The Build card, on the other hand, is unsecured and requires no deposit, providing a more flexible line of credit from the get-go.
But FS Card isn’t a charity. It’s a business, and it needs to turn a profit. So the card isn’t free, and it’s not for just anyone.
The Build card comes with a $75 annual fee and a starting credit limit of about $500 — not incidentally, the same as the maximum payday loan amount in many states — which grows as the borrower proves responsible over time. The interest rate percentage starts in the upper 20s, on the high end for most credit cards. All the terms are laid out plainly to avoid any surprises.
Not everyone earns approval, either. Because its client base is an inherently risky group, FS Card must carefully vet potential borrowers.
“We look for trends, we look for indicators that might be hidden on the surface,” Blow said. “We are very much in a lending business though, and if we don’t do that well, we won’t be there. We can’t make bad decisions on the credit side.”
On the technical side, this entails behavior modeling analytics and machine learning to target the right customers.

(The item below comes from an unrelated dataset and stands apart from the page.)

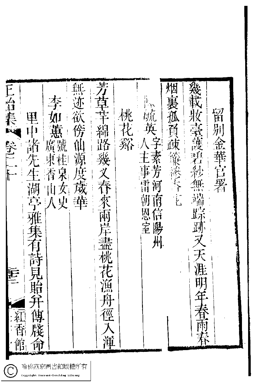 | 原書: 國朝閨秀正始集﹕二十卷﹐附錄﹕一卷﹐補遺﹕一卷﹐又附題詞﹕一卷(清惲珠輯) |

In practical terms, this means sorting out subprime borrowers who’ve turned the corner from those who remain mired with bad habits and lingering money problems.
“Our goal is to enable customers to ‘Build’ and rebuild credit with our product, so we are looking for consumers to have issues in the rearview mirror,” Blow said. “Fresh issues, newly troubled credit, and/or growing indebtedness, those are red flags because it suggests the individual is not yet on the way up.”
In a year and a half on the market, the Build card has extended $25 million in credit to nearly 50,000 customers, according to Blow.
It’s a drop in the bucket, at this point, given the millions of Americans living with damaged credit scores. But the card’s portfolio is growing about 10% each month, and it could prove an indispensable tool in the future to help many of those people get their financial house in order.